Read in the voice of the Mission Impossible announcer: This t-shirt was originally created as a protest against US Export laws. Until 2000, US export law considered the computer code on the shirt as a “munition” that should not be exported from the United States or shown to a foreign national. Your mission, if you choose to accept it, is to re-create this shirt.
When I was at the GEL conference in 2016, I met a woman who worked for the website Design a Shirt. We started talking about the most creative t-shirts we’d ever seen. This brought me back to the late 1990s when I discovered one of the most innovative shirts ever created — a t-shirt that the US government classified as a weapon.
Oddly Necessary Background on US Encryption Export Policy
This t-shirt was created as a protest against the way the US government was treating the export of encryption (i.e., secret codes). Until 2000, US government considered encryption as a munition that should not be exported from the United States or shown to a foreign national.
It seems a little odd that software that’s embedded in everyone’s iPhone today used to be illegal to export. Put in historical context it makes more sense. For centuries, encryption was used to allow military organizations to pass messages. The most famous of these devices was the German Enigma machine from World War II. The capturing of an Enigma machine allowed the allies to break the German codes and win the war.
In the 1990s, US government policy still hadn’t veered from this idea. Any secret codes that were used by foreign governments should be breakable by the US government without too much effort. At the same time, encryption was becoming a critical part of internet communications. The issue here was that the exact same technology that was powering the internet was also used to send secret government and criminal communications. This led to internet browser companies like Netscape to create two different browser versions. They distributed a “strong encryption” that was only available in the US and a “weak encryption” that could be exported everywhere else.
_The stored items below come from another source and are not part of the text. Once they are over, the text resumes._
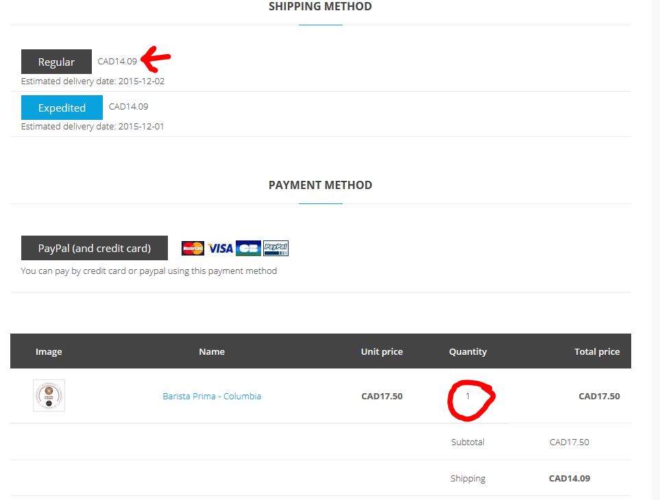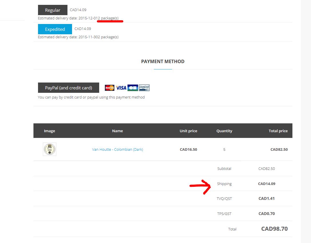 NOTE: when only 1 product is put in the basket, I get a shipping price of $14.09 also, and no indication of the number of packages. (see image: Capture-1-product-shipping-price.jpg)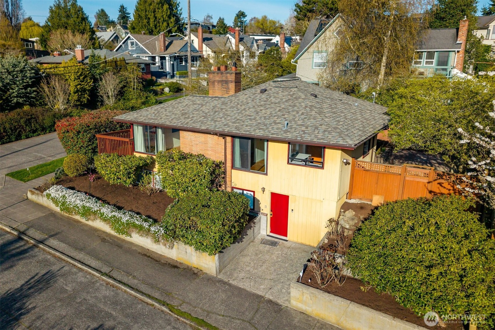 (650)533-3259Mid-modern, Roman Brick-accented Classic on a Sunset Hill corner w/ Sound & Olympic range view, thoughtful updates AND period charm intact. Remodeled kitchen includes stainless appliance suite, quartz counters,"sea glass"-evocative backsplash & island seating open to living & dining rooms. Orig. hardwoods, teak doors & freshly stained, NW-facing deck off living room sliding doors. Downstairs den w/ 2nd fireplace & wet bar w/ Fisher Paykel dishdrawer for easy entertaining wash up! Landscaped yard w/ basalt column fountain & patio seating space. Attached garage currently closed-in for project/hobby space, but could possibly be returned to car storage. Just blocks from Ray's Boathouse, Happy Crab, Ballard Locks and the Burke Gilman trail along Shilshole Bay. Come see!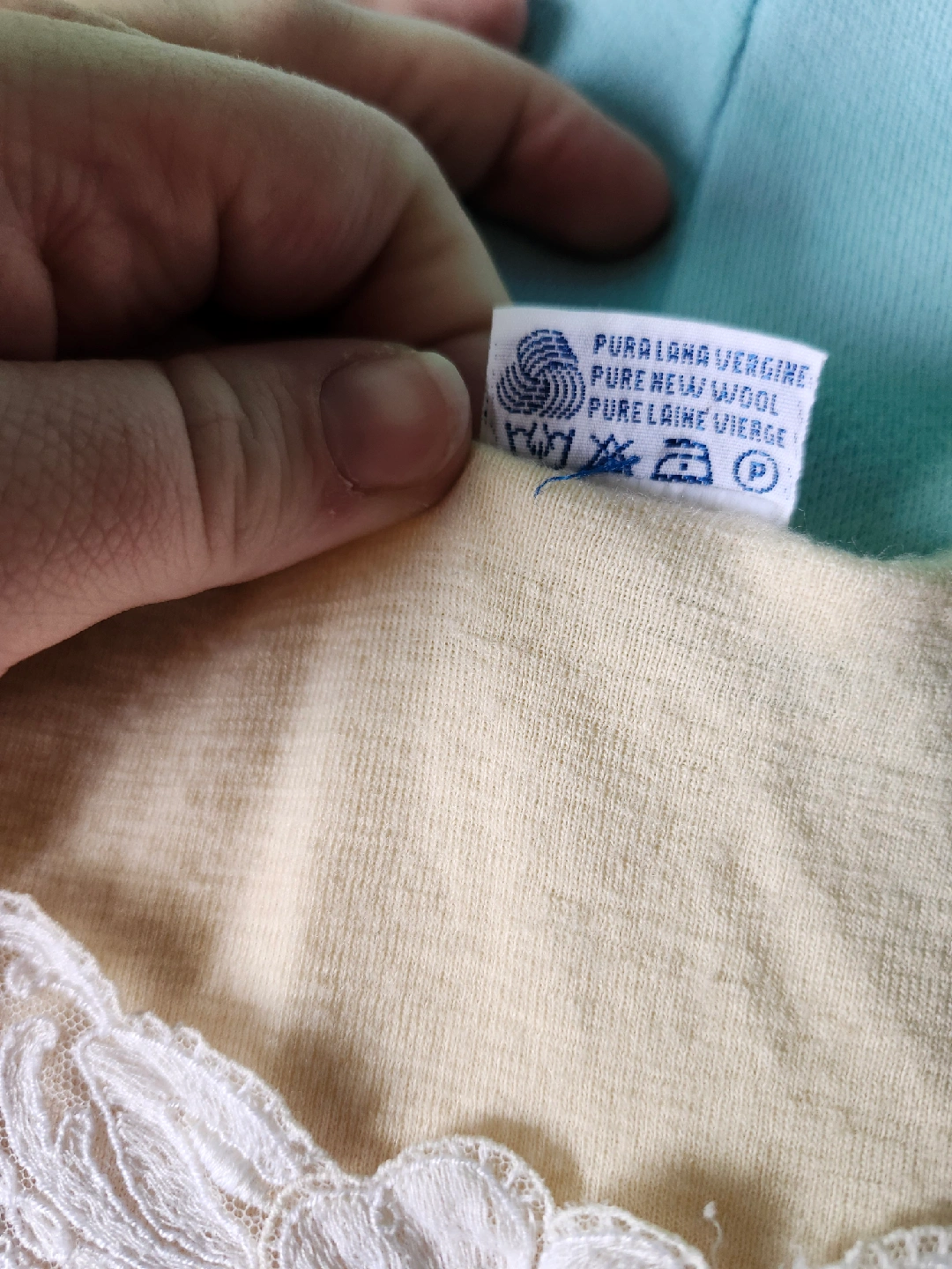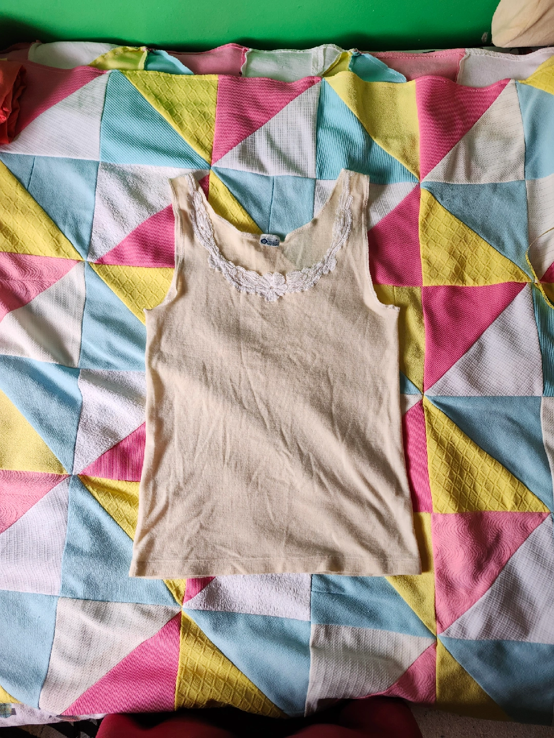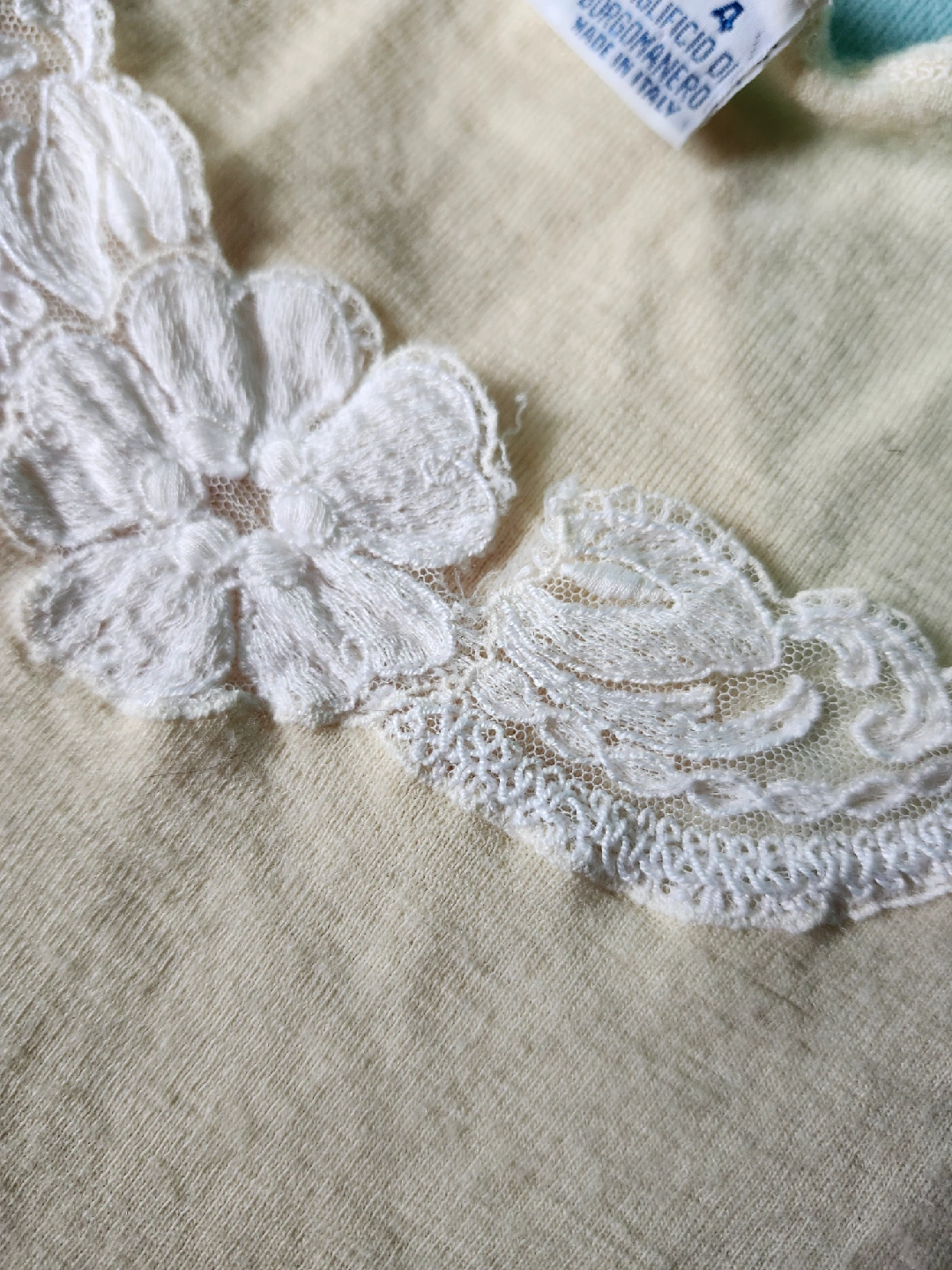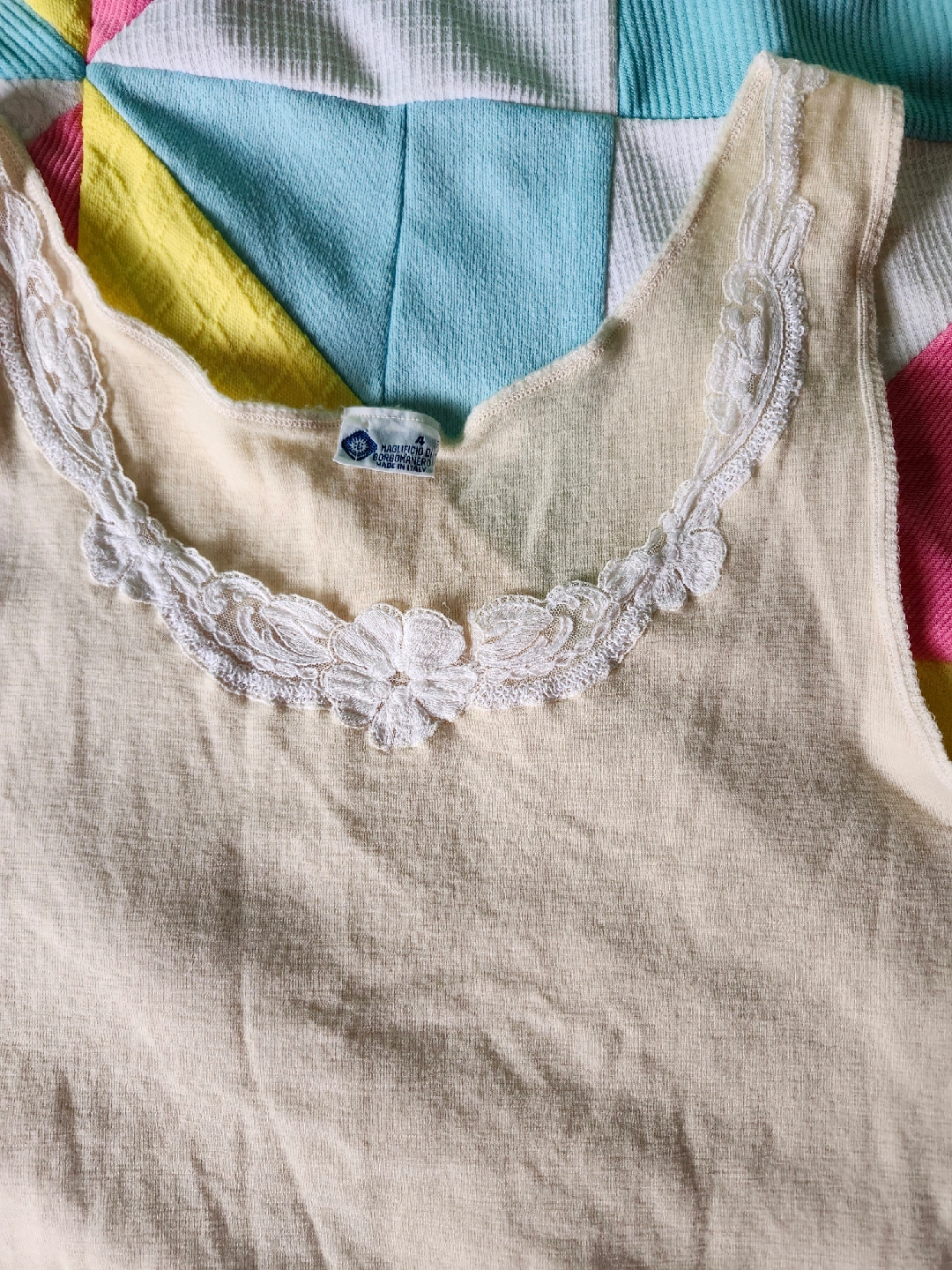 75Cream/yellow and white lace tank top this cute 70s/80s tank top is soo dreamy. made of 100% wool (but not too itchy or heavy!!) its soft to hold and has a really cute lace design around the neck. made in Italy. label size 4, but keep in mind this is vintage sizing. pit to pit laying flat measures just under 16in, and shoulder to the bottom is 24in item is in fair used condition. it has a small tear in the lace around the neck (picture 4), this isnt very visible from afar, and as the lace is stitched on to the shirt, it doesn't affect wearablity at all

Some internet activists were upset about weak encryption. You see something similar in the fight today between the US government and Apple on the right to be able to break into criminals’ iPhones. The government was claiming that it was dangerous for people to have secrets that the government couldn’t see if they needed to. The protesters were saying weak encryption creates a weak internet.
Making The T-Shirt
This is where t-shirts make their appearance. Some encryption advocates had the idea to create a very small but strong encryption program whose entire code could be put on a t-shirt. Therefore, anyone wearing this t-shirt to a foreign country or even seen by a foreign national would be exporting a munition would be breaking a law.
That’s a creative t-shirt! I really wanted one. However, I ran into two problems. First, most of the t-shirts are pretty ugly. Secondly, since the law changed in 1999, the demand for this t-shirt has plummetted and it’s no longer sold.
With no one making these t-shirts anymore, I needed to do it myself. First, I needed to find a design of the shirt that I really liked. Second, I needed to find a way to print it.
For the design, Vipul Ved Prakash made a wonderful version of the computer code in the shape of a dolphin. The company ThinkGeek printed the shirt back in the 1990s.
So then I needed to make the t-shirt. Most t-shirt printers want you to buy in bulk but Design a Shirt works well for one offs. Making the shirt is easy. I just uploaded the image and choose a shirt type. The benefit to making your own shirt is you can pay the $5 more for a super premium quality shirt. I also chose to pay another dollar to print the dolphin in blue. If you want to print the shirt, it’s still available on the Design a Shirt site.
I really love this t-shirt and proud I re-created it. The world needs more of these shirts — clever, interesting and pretty designs that tried to change the world. I thought someone would recognize it when I wore it; however, even at technology events, I haven’t met anybody who mentioned it. I even added the last paragraph to the shirt to explain it to people. If you want to print one for yourself, it’s still available online.